Whatever path we choose, we must ensure that important lessons are learned so that future UK CCS programmes are designed in a way that is attractive to industry and Government. There is value in the significant amount of work carried out by both the Peterhead and White Rose projects – the lessons learned for future CCS projects. The CCSA published a new report on the 29th June entitled “Lessons Learned - Lessons and Evidence Derived from UK CCS Programmes, 2008 – 2015” setting out 36 key lessons for industry and policy makers, based on interviews with the developers of the Peterhead and White Rose projects as well as interviews with a number of other developers interested in building CCS projects.
There are a number of interesting conclusions that can be drawn from this report; firstly, the report shows unequivocally that there were no technical barriers to delivering the Competition projects. However several commercial challenges emerged – in particular the lack of a business model for CO2 storage and the inability of companies to take on the risk of cross-chain failure.
The potential for very early and very significant cost reduction also comes out clearly in the report – interviews with potential Phase 2 projects (those which would have been developed after the Competition projects using their transport and storage infrastructure) confirmed that these projects would have sought Contract for Difference (CfD) strike prices significantly below those of the Competition projects.
The companies interviewed for the report all agreed that the UK Government must now move away from further CCS competitions, however there is appetite to find other ways to develop large-scale CCS projects – encompassing aspects such as industrial CCS, hydrogen and heat. It is clear that industry is still committed to CCS and wants to find a collaborative way forward with Government.

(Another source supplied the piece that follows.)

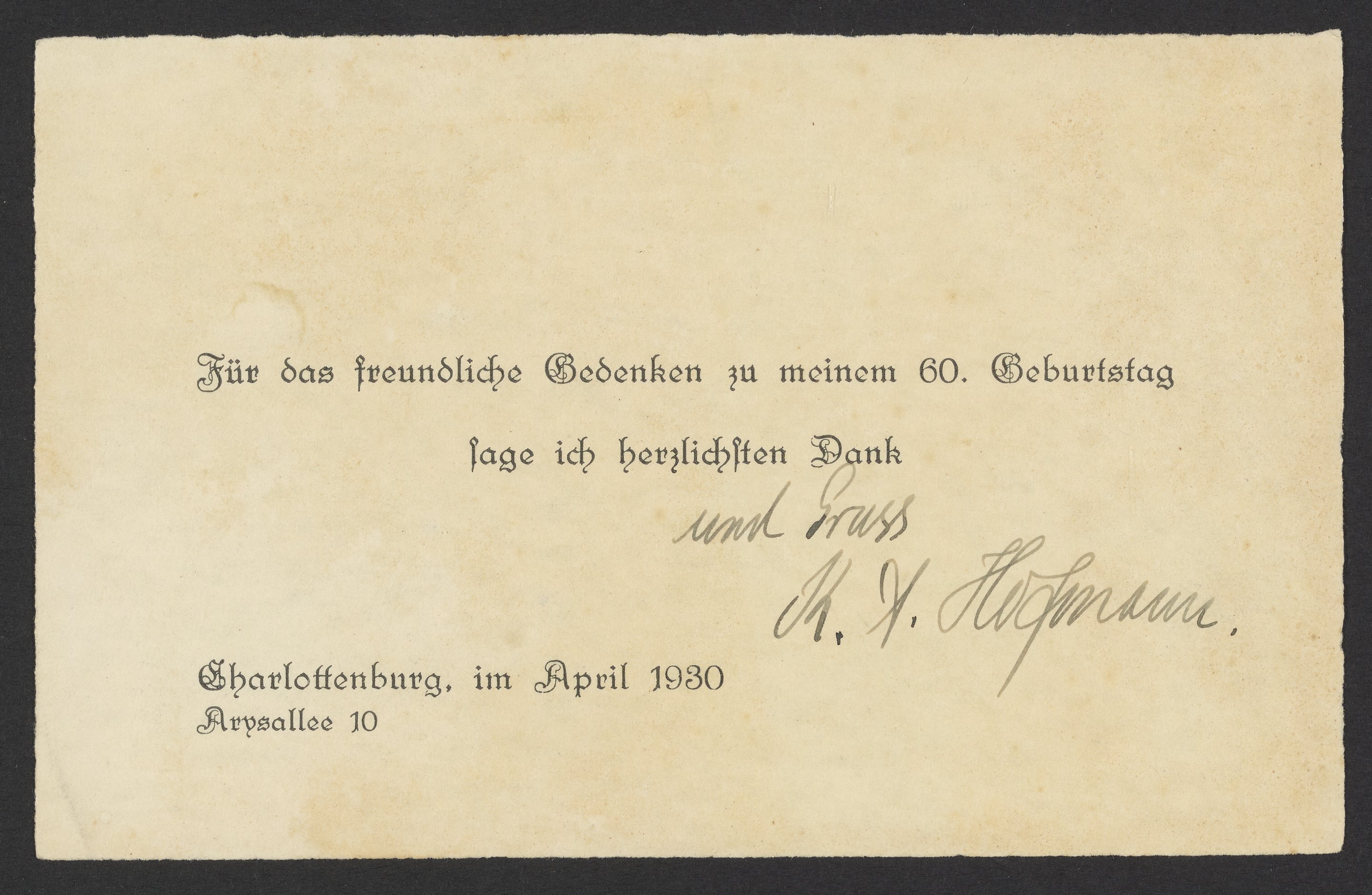 Hofmann, Karl Andreas. “Karl Andreas Hofmann's Personal Calling Card,” April 1930. Papers of Georg and Max Bredig, Box 3, Folder 18. Science History Institute. Philadelphia. https://digital.sciencehistory.org/works/g1q701g.

Finally, one of the most important issues that emerged from the Lessons Learned report, as well as our joint workshop with the CSLF and the recent Committee on Climate Change report “Meeting Carbon Budgets – 2016 Progress Report to Parliament”, is the massive economic opportunity for the UK from investing in CCS transport and storage infrastructure. However we need a realistic and workable solution to finance this infrastructure investment. At our joint workshop with the CSLF, one phrase had a certain ring to it – We Need to Break the Chain.
We have to stop considering the three parts of CCS (capture, transport and storage) as one project when in fact it is more akin to a train using the railway network. You wouldn’t develop the same incentives or business models for a train and for the railway network, would you? Same with CCS. The Committee on Climate Change have further emphasised the importance of CCS in a letter to Amber Rudd, the Secretary of State, where they recommend that the Government must urgently come forward with a strategic approach to developing CCS and that this approach must provide separate support for capture and for transport and storage infrastructure.
Once you “break the CCS chain” it also becomes glaringly obvious that the UK can’t just sit back and wait for other countries to develop CCS – the wider transport and storage infrastructure has to be developed in the UK. Using the railway analogy again, you can buy in the trains perhaps but without the railway network developed at home – those trains simply wouldn’t be able to travel anywhere.
So whilst we wait for the dust to settle on Brexit, let’s take this opportunity to show the world that the UK can still be a leader in developing the crucial low-carbon infrastructure that is CCS.